Postcolonial parenting
<We thought we were raising an enlightened child, Tama Ward writes, but have we robbed our daughter of her cultural roots?
<At breakfast, in the glass-towered city of Vancouver, five-year-old Abigail looks glumly at her half-eaten bowl of cereal.
<"What is it, honey?" I brush the bangs back from her face.
<She lets out a big sigh. "I wish I wasn't white."
<I start. Nothing in the parenting manuals has prepared me for that.
<"All we've ever done is hurt people," she continues. "I wish my skin was dark and that I had a culture."

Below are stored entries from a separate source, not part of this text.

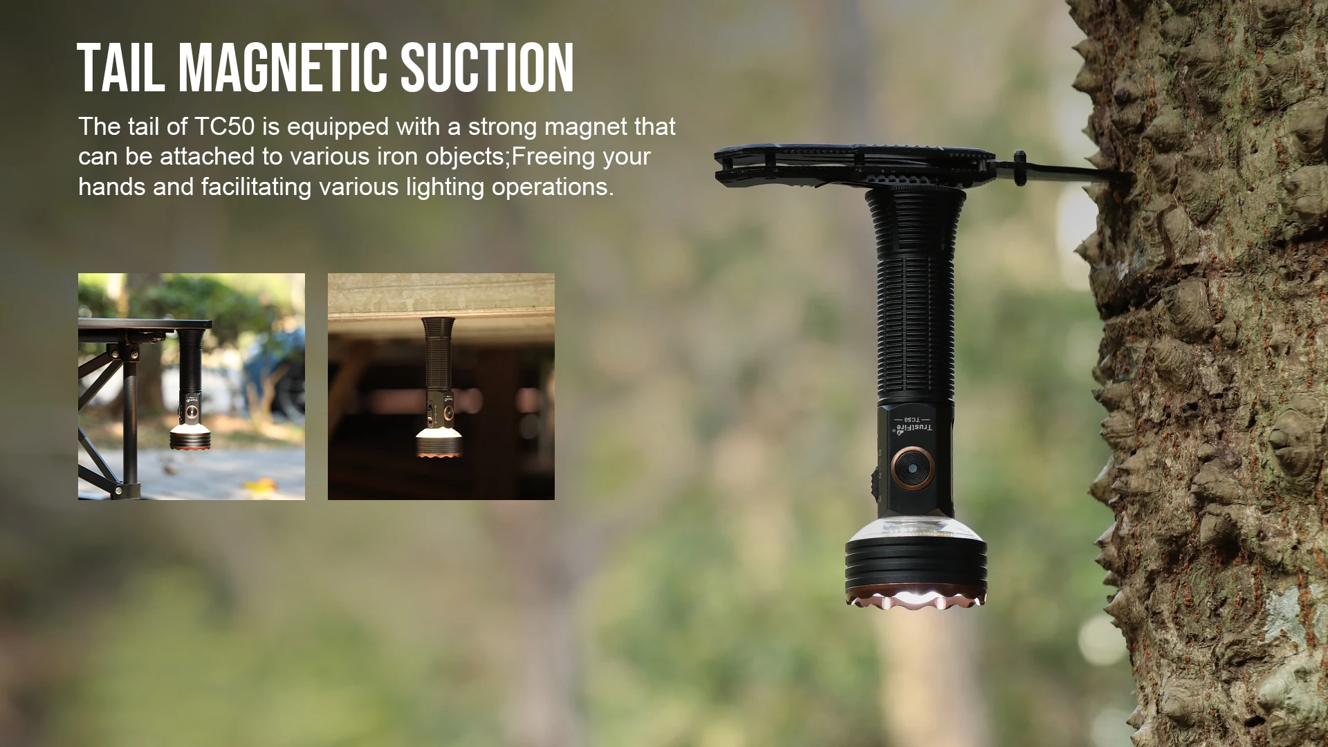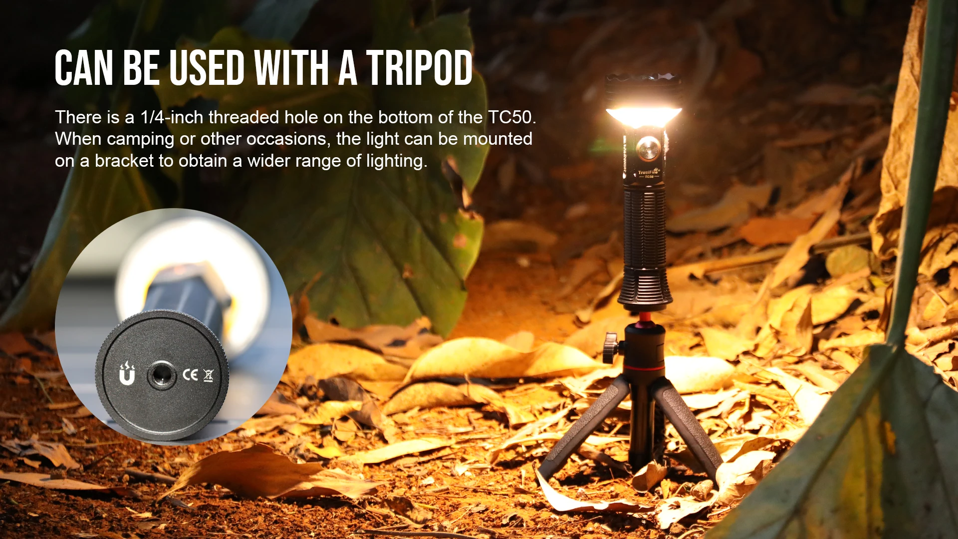 Hay un orificio roscado de 1/4 de pulgada en la parte inferior del TC50.Al acampar u otras ocasiones, la luz se puede montar en un soporte para obtener una gama más amplia de iluminación.
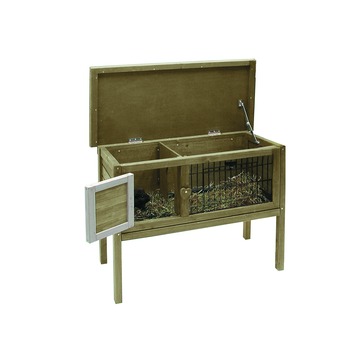Een houten konijnenhok met charme? Gevonden! Deze charmante rechthoek in taupekleur maakt alle konijntjes blij. Deze versie is 86 cm lang, 45 cm hoog en 70 cm breed. Het hok staat op stevige pootjes, zodat je viervoeter zelf geen last heeft van natte pootjes.
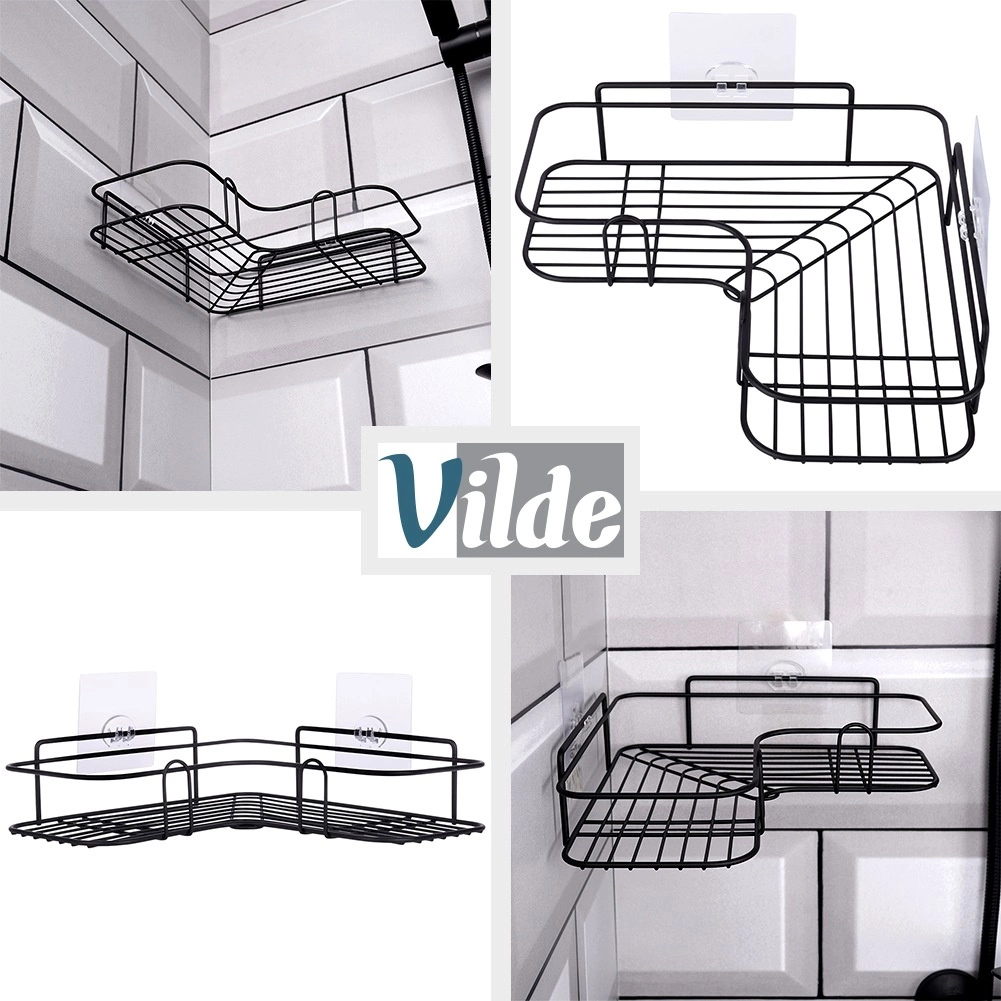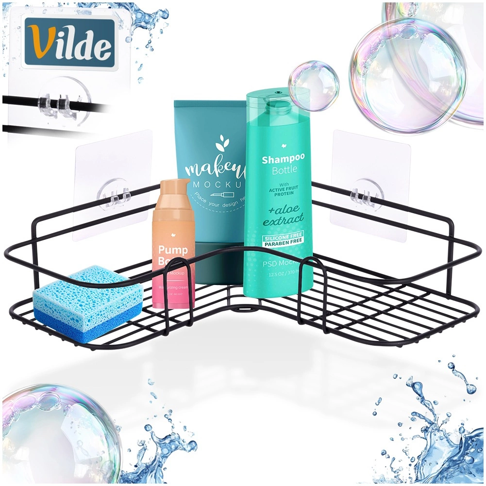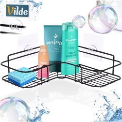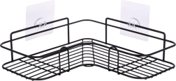 Pratique étagère d’angle pour salle de bain avec montage autocollant sans perçage, fabriquée en métal résistant thermolaqué noir mat. Idéale pour la douche, près de la baignoire ou du lavabo, avec des dimensions de 26,5 × 26,5 × 6,5 cm. Elle garde vos cosmétiques et accessoires de salle de bain à portée de main et, grâce à ses matériaux durables, est facile à entretenir et ne rouille pas.
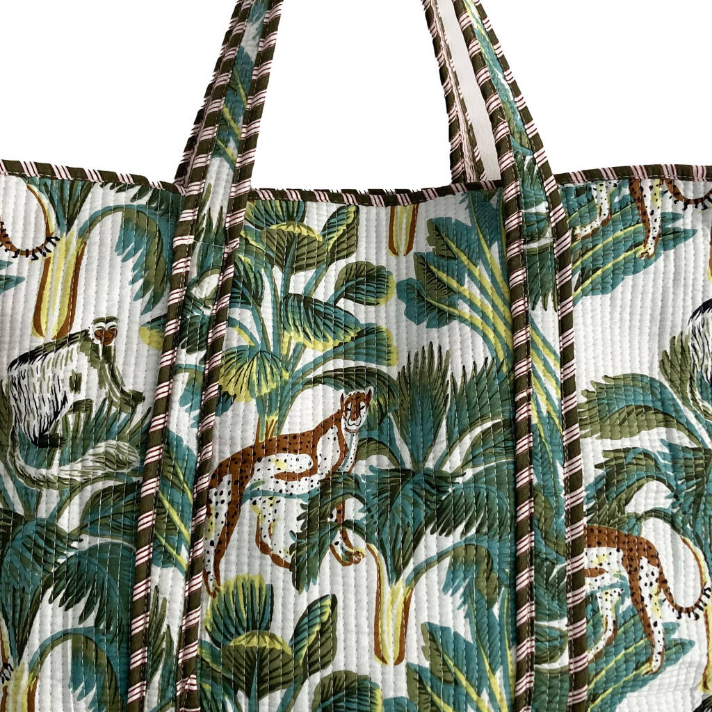 Leopard Print Large Quilted Cotton Tote Bag In White

<We live in a part of the city where immigrant families abound. Our neighbours are homesick, first-generation Mexicans, which means that salsas and pinatas and Aztec legends feature prominently at shared social gatherings. Our family regularly eats in Little India where we gush over the flavours of curry and dhal, and every February, we attend the Chinese New Year parade in the slanting rain. Plus, my husband and I are children of missionaries and harbour an acute guilt for the cultural imperialism of our forebears. To compensate, we've raised our children with a deep appreciation of non-Western cultures.
<So when Abigail laments the colour of her white skin, part of me is programmed to protest. Is it not my moral obligation to tell her that her feelings of poor self-worth are nothing compared with the psychological ruin of real racism? Girl, everything about Canadian culture weighs in your advantage and you have no right to snivel!
<Instead, I feel a sadness settle over me. We thought we were raising the enlightened child of the 21st century. We thought we were doing our part in setting the history record straight. Yet, in doing so, it seems we have robbed our oldest child of something primal to psychological health, something elemental to her well-being as a human being: cultural roots.
<I don't know what to say.
<I consider the you-are-Canadian spiel: "part of a new society made up of the vibrancy of many cultures, etc." Yet, "Canadian" is precisely the problem. What is Canadian? Her best friend is Canadian and Mexican. Her cousin, Canadian and Bengali. Even our Indigenous neighbours have a First Nation before they have Canada. To play the Canadian card will further neuter her culturally when what she's looking for are deep roots that ground her to a people and place.
<Seized by maternal panic I go in search of our oversized National Geographic Atlas and hoist it up onto the breakfast table. Abigail sits up and she leans in. "It was almost 200 years ago that your people came to Canada from this island."
<Abigail's face brightens at that word: island. I know what she's thinking. Islands are places of primal innocence and cultural distinctiveness, such as Haida Gwaii or Never Never Land.
<But then when I speak the name of her island, Abigail's full-body slump returns.